CEDARScript Integration: Aider enables Aider to use CEDARScript as an edit format.

Table of Contents

What is CEDARScript?

CEDARScript (Concise Examination, Development, And Refactoring Script) is a domain-specific language designed to improve how AI coding assistants interact with codebases and communicate their code modification intentions. It provides a standardized way to express complex code modification and analysis operations, making it easier for AI-assisted development tools to understand and execute these tasks.

How to use it

  1. Install Aider, if you haven't.
  2. Now, simply use the --edit-format switch and select cedarscript:
aider --model gemini/gemini-1.5-flash-latest --edit-format cedarscript

Why use CEDARScript?

TL;DR: You can get higher success rates when compared to other edit formats.
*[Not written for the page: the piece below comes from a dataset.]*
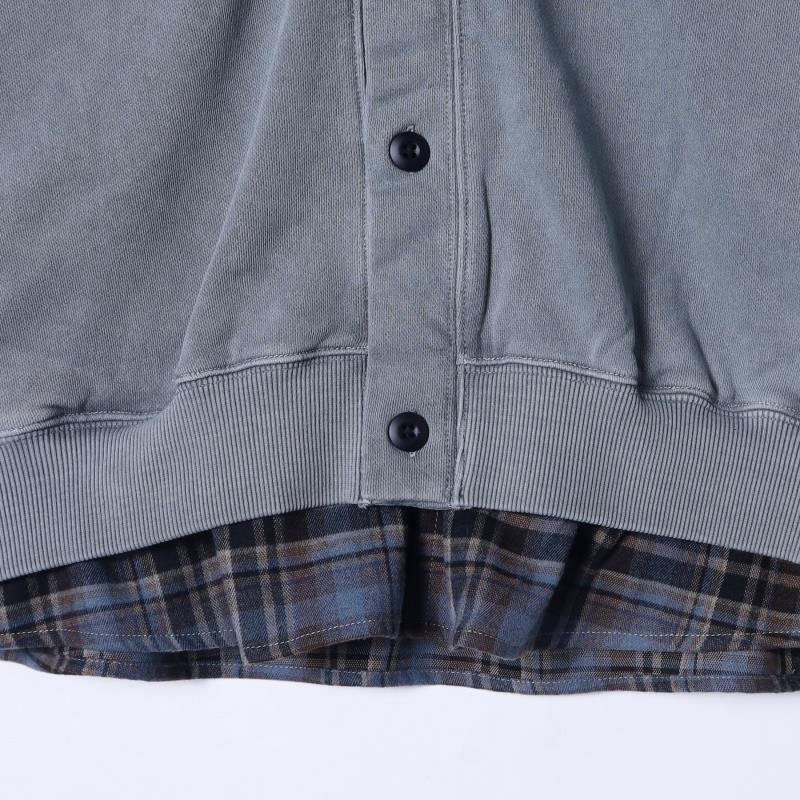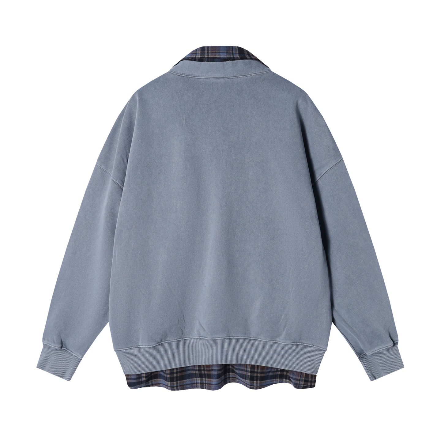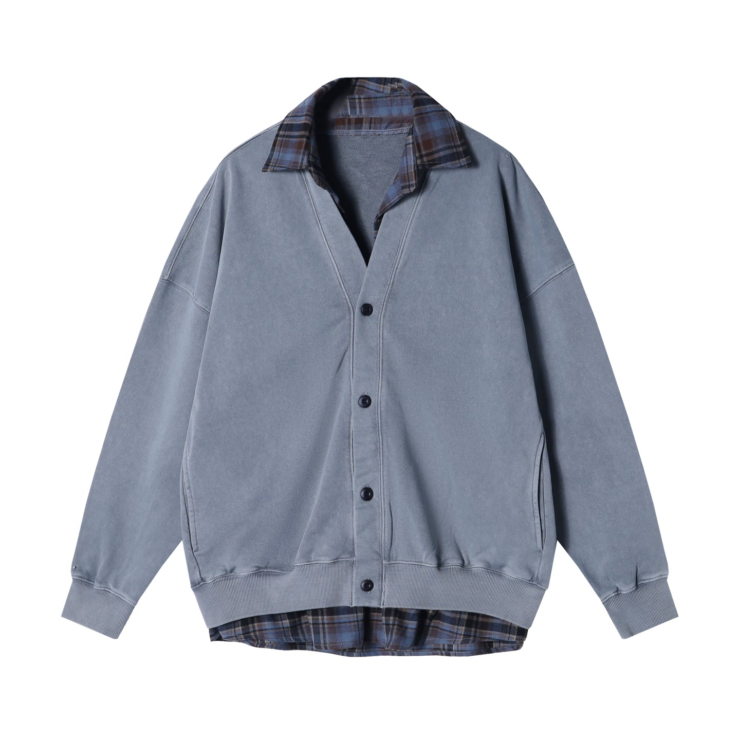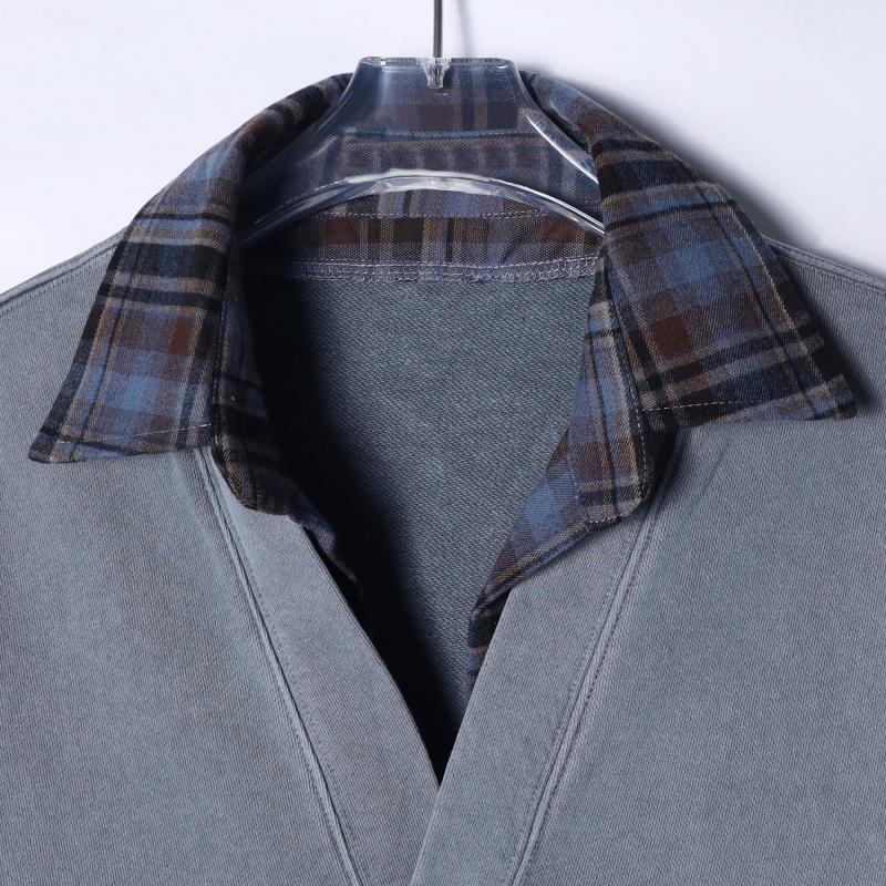 WY242秋冬季新款潮牌美式ins格子拼接假两件外套男百搭复古宽松上衣

  1. Higher Success Rates: Significantly improves the performance of AI models in code refactoring tasks.
  2. Cost-Effective Performance: Enables more affordable models to compete with top-tier options.
  3. Standardized Communication: Provides a consistent format for AI-code interaction in coding tasks.
  4. Enhanced Accuracy: Reduces errors and improves the quality of AI-generated code modifications.

Performance Comparison

CEDARScript has shown remarkable improvements in AI model performance for code refactoring:

Model Format Pass Rate Well-Formed Cases Syntax Errors Indentation Errors Cost Avg. Time per case
Gemini 1.5 PRO CEDARScript 77.5% 86.5% 4 3 26.2 29
Gemini 1.5 Flash CEDARScript 76.4% 94.4% 3 5 0.68 14.7
Claude 3.5 Sonnet diff 64.0% 76.4% n/a n/a n/a n/a
Gemini 1.5 PRO diff-fenced 49.4% 7.9% 21 93 28.3 110.1

Notable Achievements:

  • Gemini 1.5 PRO with CEDARScript outperformed both its diff-fenced format and Claude 3.5 Sonnet.
  • Most remarkably, the more cost-effective Gemini 1.5 Flash model, using CEDARScript, outperformed Claude 3.5 Sonnet.
    • It goes to show that even a more affordable model can surpass top-tier competitors when equipped with the right tools.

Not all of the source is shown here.